◆ What you are asked to do
Restate word for word the lines below from the one that has "Faraday from Cyberpunk" through the one that has "Secretary-General Ban Ki-moon", keeping both and dropping all pictures.

◆ Records shown
::::

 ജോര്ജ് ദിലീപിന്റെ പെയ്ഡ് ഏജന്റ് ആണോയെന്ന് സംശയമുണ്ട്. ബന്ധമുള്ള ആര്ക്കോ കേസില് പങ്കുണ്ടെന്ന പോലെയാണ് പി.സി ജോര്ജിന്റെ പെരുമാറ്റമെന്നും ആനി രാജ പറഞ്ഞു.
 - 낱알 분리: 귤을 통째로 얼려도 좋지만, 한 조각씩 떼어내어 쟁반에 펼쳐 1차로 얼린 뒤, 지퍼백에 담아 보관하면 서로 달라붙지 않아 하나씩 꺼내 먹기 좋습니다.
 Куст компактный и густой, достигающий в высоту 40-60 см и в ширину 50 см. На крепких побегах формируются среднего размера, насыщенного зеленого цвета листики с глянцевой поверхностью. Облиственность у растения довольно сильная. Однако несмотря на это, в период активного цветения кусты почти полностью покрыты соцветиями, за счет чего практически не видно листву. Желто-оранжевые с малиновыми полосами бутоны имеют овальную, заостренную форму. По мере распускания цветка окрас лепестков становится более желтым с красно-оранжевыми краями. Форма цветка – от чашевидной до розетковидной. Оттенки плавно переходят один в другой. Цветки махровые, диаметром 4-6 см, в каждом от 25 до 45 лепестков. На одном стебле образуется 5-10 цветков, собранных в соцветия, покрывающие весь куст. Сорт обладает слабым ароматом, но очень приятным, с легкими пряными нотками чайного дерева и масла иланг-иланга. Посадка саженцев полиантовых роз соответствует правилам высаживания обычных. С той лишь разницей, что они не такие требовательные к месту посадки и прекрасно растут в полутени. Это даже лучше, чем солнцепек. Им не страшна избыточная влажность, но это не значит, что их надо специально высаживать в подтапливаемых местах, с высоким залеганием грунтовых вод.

::::

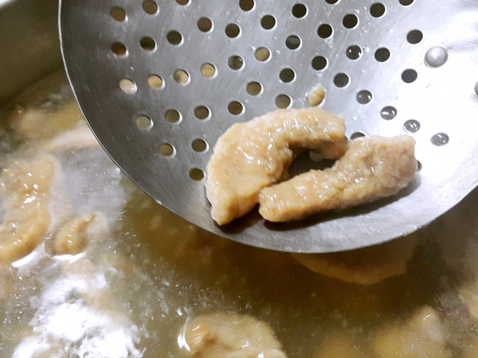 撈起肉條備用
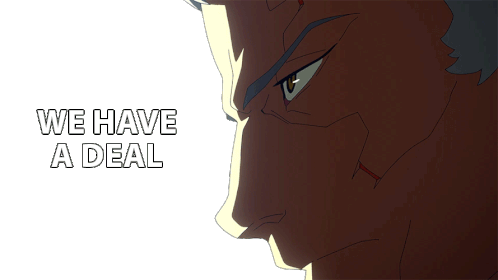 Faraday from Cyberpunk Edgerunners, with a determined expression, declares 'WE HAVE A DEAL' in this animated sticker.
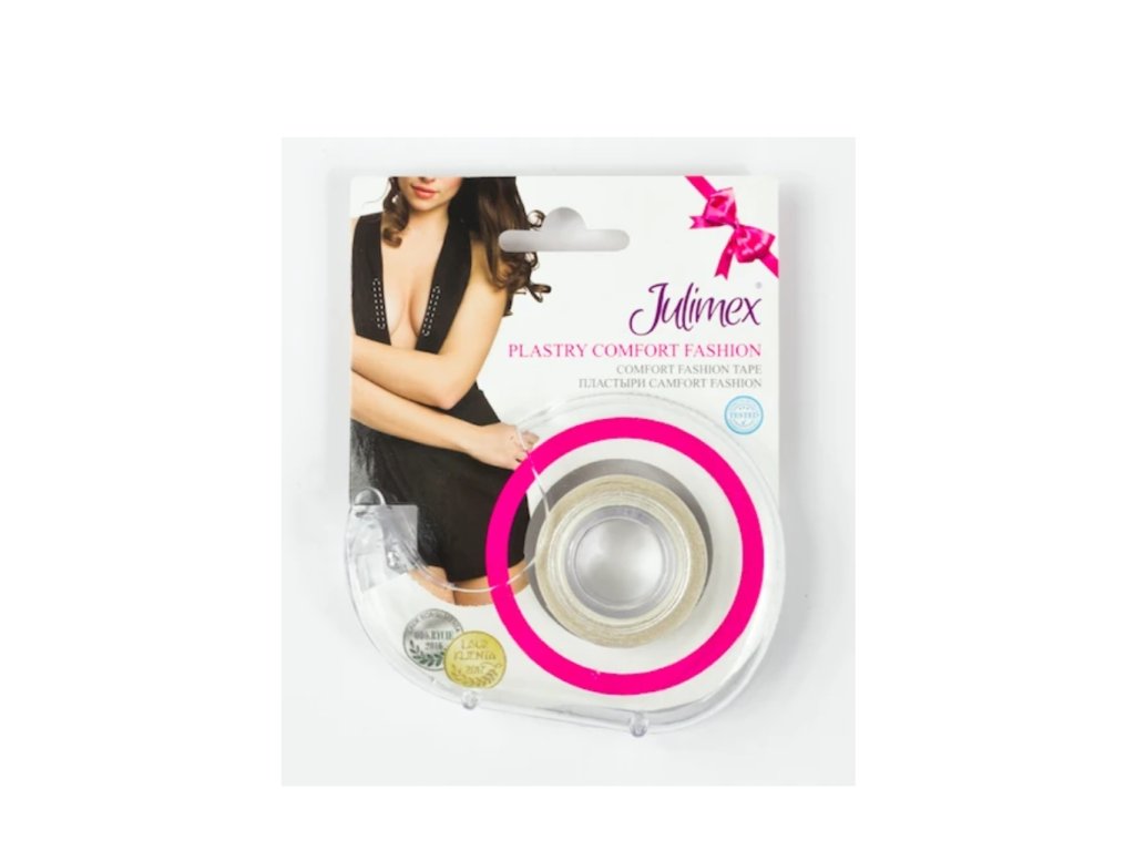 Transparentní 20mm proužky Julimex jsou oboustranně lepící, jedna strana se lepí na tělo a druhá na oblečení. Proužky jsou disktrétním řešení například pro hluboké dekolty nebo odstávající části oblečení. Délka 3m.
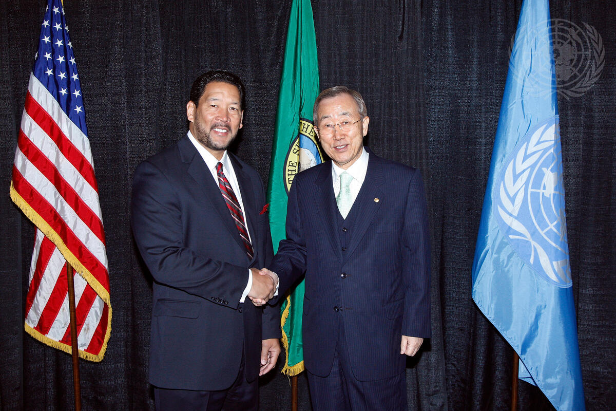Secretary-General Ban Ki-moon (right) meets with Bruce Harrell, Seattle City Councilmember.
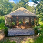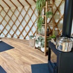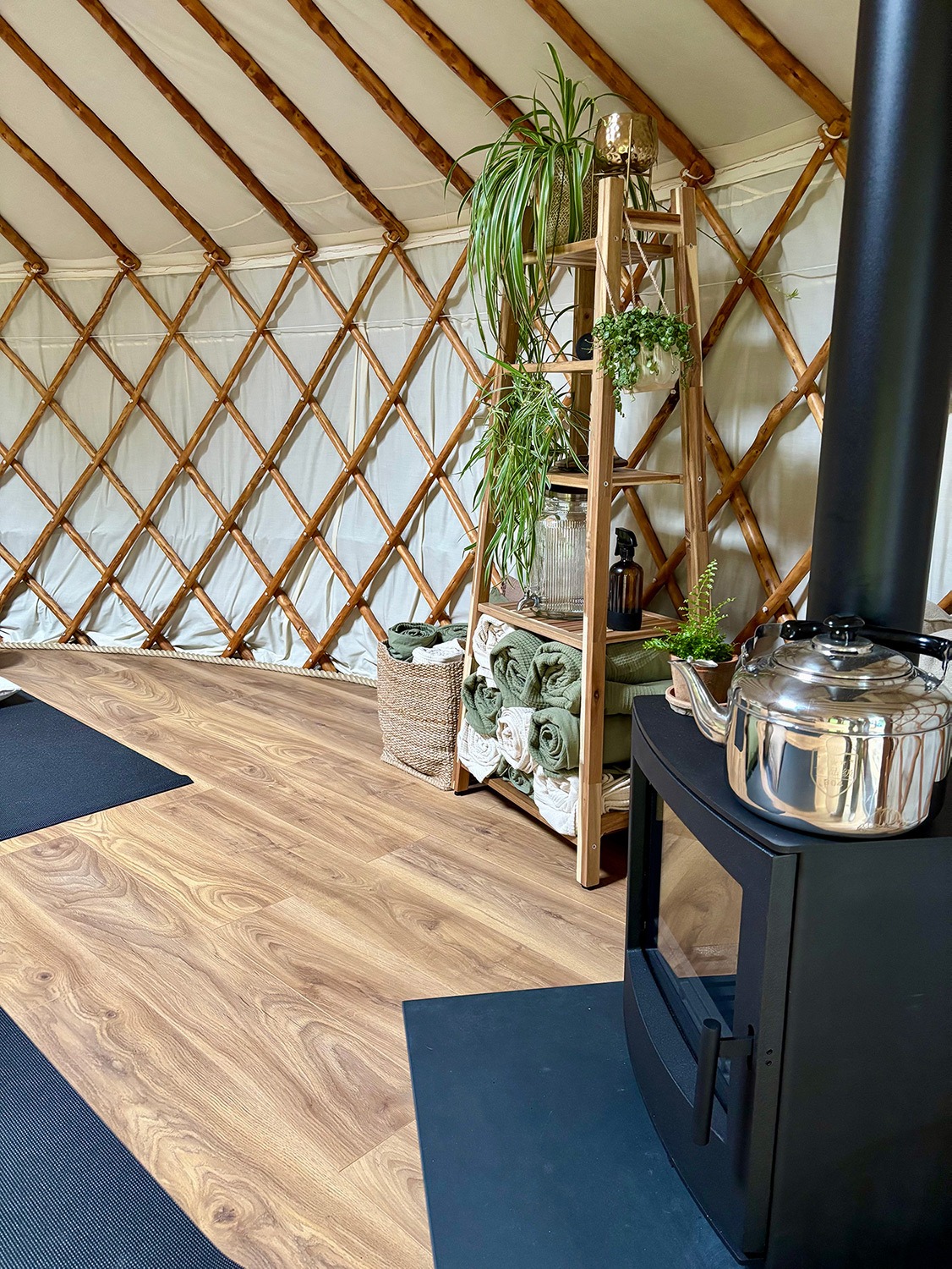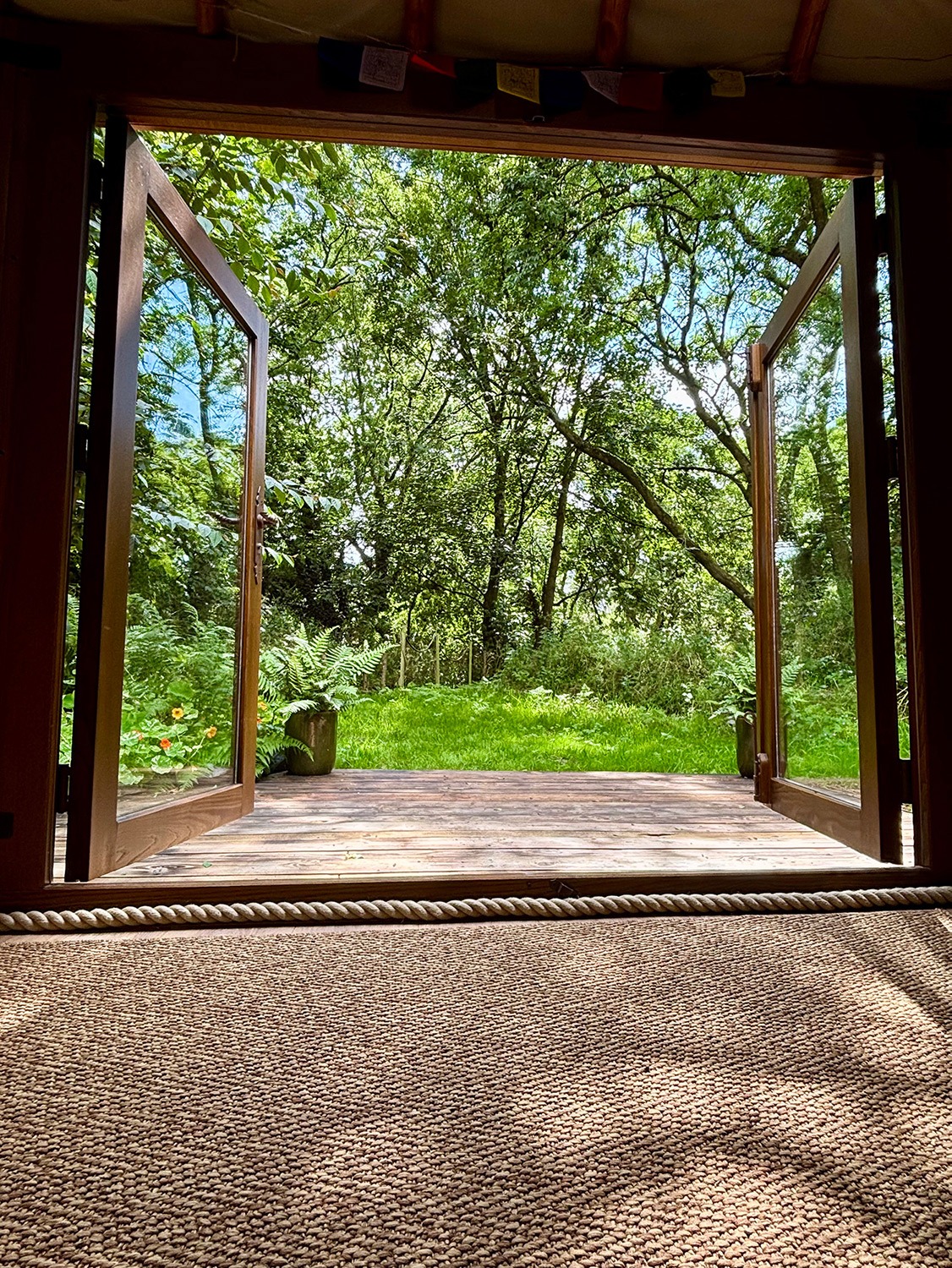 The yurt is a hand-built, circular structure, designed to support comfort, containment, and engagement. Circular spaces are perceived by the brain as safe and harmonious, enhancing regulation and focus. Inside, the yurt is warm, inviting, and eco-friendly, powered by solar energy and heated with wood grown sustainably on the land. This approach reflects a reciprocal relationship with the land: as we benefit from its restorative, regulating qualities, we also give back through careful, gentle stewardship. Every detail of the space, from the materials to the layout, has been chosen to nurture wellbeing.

::::

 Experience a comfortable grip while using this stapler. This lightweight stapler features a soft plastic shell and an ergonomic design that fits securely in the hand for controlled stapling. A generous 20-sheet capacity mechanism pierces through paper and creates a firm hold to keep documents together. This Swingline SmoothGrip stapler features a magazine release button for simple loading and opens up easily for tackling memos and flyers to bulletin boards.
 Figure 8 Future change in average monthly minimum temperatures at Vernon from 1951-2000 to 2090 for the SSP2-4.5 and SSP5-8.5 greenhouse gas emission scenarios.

::::

◆ Task response
 Faraday from Cyberpunk Edgerunners, with a determined expression, declares 'WE HAVE A DEAL' in this animated sticker.
 Transparentní 20mm proužky Julimex jsou oboustranně lepící, jedna strana se lepí na tělo a druhá na oblečení. Proužky jsou disktrétním řešení například pro hluboké dekolty nebo odstávající části oblečení. Délka 3m.
Secretary-General Ban Ki-moon (right) meets with Bruce Harrell, Seattle City Councilmember.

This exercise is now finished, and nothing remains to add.